Step (2) of constructing a data set

Sampling the input space of the function, normalizing the input space to construct an input/output data set, wherein an initial state set x is constructed_initThe initial states of the middle sampling are input, and the input u is controlled to be output;

step (3), building a deep neural network, and training and verifying the deep neural network by using the data set:

the deep neural network comprises an input layer, three hidden layers and an output layer;

the neural network is added with a projection algorithm on the basis of full connection, so that the output of the neural network can be ensured to meet the constraint condition and feasibility of a control system; the fourth layer of the neural network is a projection algorithm layer, because some data are infeasible during training, the feasibility of the output of the neural network can be ensured through the projection algorithm;

each node in the deep neural network hidden layer is associated with an activation function; the activation function employs a ReLU activation function, which is defined in the equation:

y＝max{0,1} (5)

since the ReLU activation function is also a piecewise linear function, it can also be expressed by the equation:

the ReLU activation function approximates a function by decomposing the original function (5) into a set of piecewise hyperplanes; defining the exponential relation between the number of the segmented hyperplanes and the number of hidden layers of the deep neural network:

wherein L is the number of hidden layers, n_xThe number of input variables of the neural network, namely the number of system state variables, and M is the number of nodes;

the deep neural network with the ReLU activation function has the capability of accurate function approximation, and passes through any function of a piecewise affine hyperplane with exponential quantity;

and (4) reconstructing explicit model prediction control by using the deep neural network trained and verified in the step (3):

the neural network related to the ReLU activation function can accurately reconstruct the multi-parameter quadratic programming problem; using a multi-parameter quadratic programming formula allows neural networks to be directly embedded into optimization problems; the added complexity of this reconstruction to the overall optimization problem is to manage binary variables;

for a deep neural network with n nodes, the output takes the form:

x^k＝max{0,W^kx^k-1+b^k} (8)

where k is the number of network layers, W^kIs a weight matrix of the k-th layer, b^kIs the deviation vector of the k-th layer,

is the output of the previous layer(s),

is the output of the current layer;

accurately reconstructing the formula (8) in an optimization formula by containing binary variables; the k-th hidden layer reconstruction for the multi-parameter problem is as follows:

x^k≥0，s^k≥0，y∈{0,1}ⁿ；

wherein the variable y is a binary variable,

is an auxiliary variable vector, M is a large scalar value;

after the formula (8) is reconstructed by the formula (9), the total number of the binary variables y is equal to the total number of the nodes forming the hidden layer;

a reconstructed neural network with a ReLU activation function is an accurate reconstruction; the binary variable enables the activation function to output a value of 0 or x through the interlayer constraint; in addition, the number of equality and inequality constraints respectively grows linearly with the total number n of nodes; the combination of the reconstructed neural network into an optimization formula provides an effective strategy to maintain high precision of the proxy model;

and (5) optimizing the parameters of the deep neural network model reconstructed in the step (4):

after reconstruction, a regularization technology can be used for reducing the number of active nodes (nodes with values different from 0); reducing the number of active nodes directly reduces the number of binary variables needed in the reconstruction process; the neural network after training and processing minimizes unnecessary binary variables; for example, nodes in the hidden layer that are always positive are represented by linear activation functions; therefore, the node does not need a slack variable or a binary variable.

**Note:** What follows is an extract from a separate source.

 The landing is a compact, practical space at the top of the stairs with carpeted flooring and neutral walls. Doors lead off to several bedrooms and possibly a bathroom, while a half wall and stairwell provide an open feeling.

Step (6), realizing the attitude control of the helicopter by using the optimized deep neural network;

preferably, during deep neural network training, a dropout technology is adopted to train the model, update network parameters and prevent an overfitting phenomenon from occurring.

Preferably, during deep neural network validation, a k-fold cross-validation model is employed.

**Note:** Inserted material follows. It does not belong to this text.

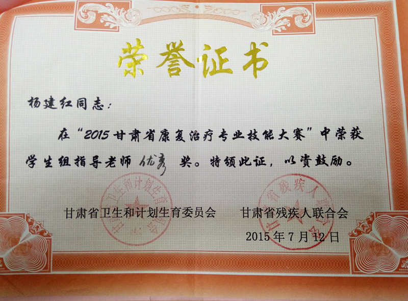 楊建紅榮獲“2015甘肅省康復(fù)治療專業(yè)技能大賽”學生組優(yōu)秀指導教師

The invention has the following advantages:

1. the invention integrates the deep learning model and the explicit model prediction control, solves the problems of high calculation resource requirement and long calculation time of the traditional model prediction control, ensures the control precision and the prediction accuracy and improves the calculation efficiency.

2. The method has firm theoretical basis of steps, simple and clear steps and perfect theoretical support.

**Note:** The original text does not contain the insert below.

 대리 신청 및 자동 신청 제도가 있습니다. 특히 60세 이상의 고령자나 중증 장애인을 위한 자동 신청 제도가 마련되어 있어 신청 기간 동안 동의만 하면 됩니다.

3. The deep neural network adds a projection algorithm on the basis of full connection, so that the output can be controlled through a feasible set of the output. The fourth layer of the network is the projection algorithm layer, because some data is not feasible when training, and then the feasibility of controlling the output can be improved through the projection algorithm.

2. The invention introduces binary variables, which can enable the activation function to pass through the constraint, thereby outputting the value of 0 or x. Therefore, the accuracy of the model can be improved by substituting the model into the optimization formula of the network.

Drawings

Fig. 1 is a flow framework diagram of deep learning model based integration with ReLU activation functions and explicit model predictive control in accordance with the method of the present invention.

FIG. 2 is a schematic diagram of a feedforward neural network structure involved in the method of the present invention.

FIG. 3 is a comparison of the approximate control law generated by deep learning of the method of the present invention with the conventional EMPC control law.

FIG. 4 is a comparison graph of deep learning of the method of the present invention and tracking simulation of altitude angle by conventional EMPC.

Fig. 5 is a comparison graph of deep learning of the method of the present invention and tracking simulation of the state trace of the pitch angle by the conventional EMPC.

FIG. 6 is a comparison graph of deep learning of the method of the present invention and tracking simulation of the state trajectory of the rotation angle by the conventional EMPC.

FIG. 7 is a comparison graph of experimental data of deep learning and the traditional EMPC control law.

Detailed Description

The invention is further described below with reference to the accompanying drawings:

the invention discloses a prediction control method for reconstructing an explicit model based on deep learning, which is applied to the field of helicopter attitude control.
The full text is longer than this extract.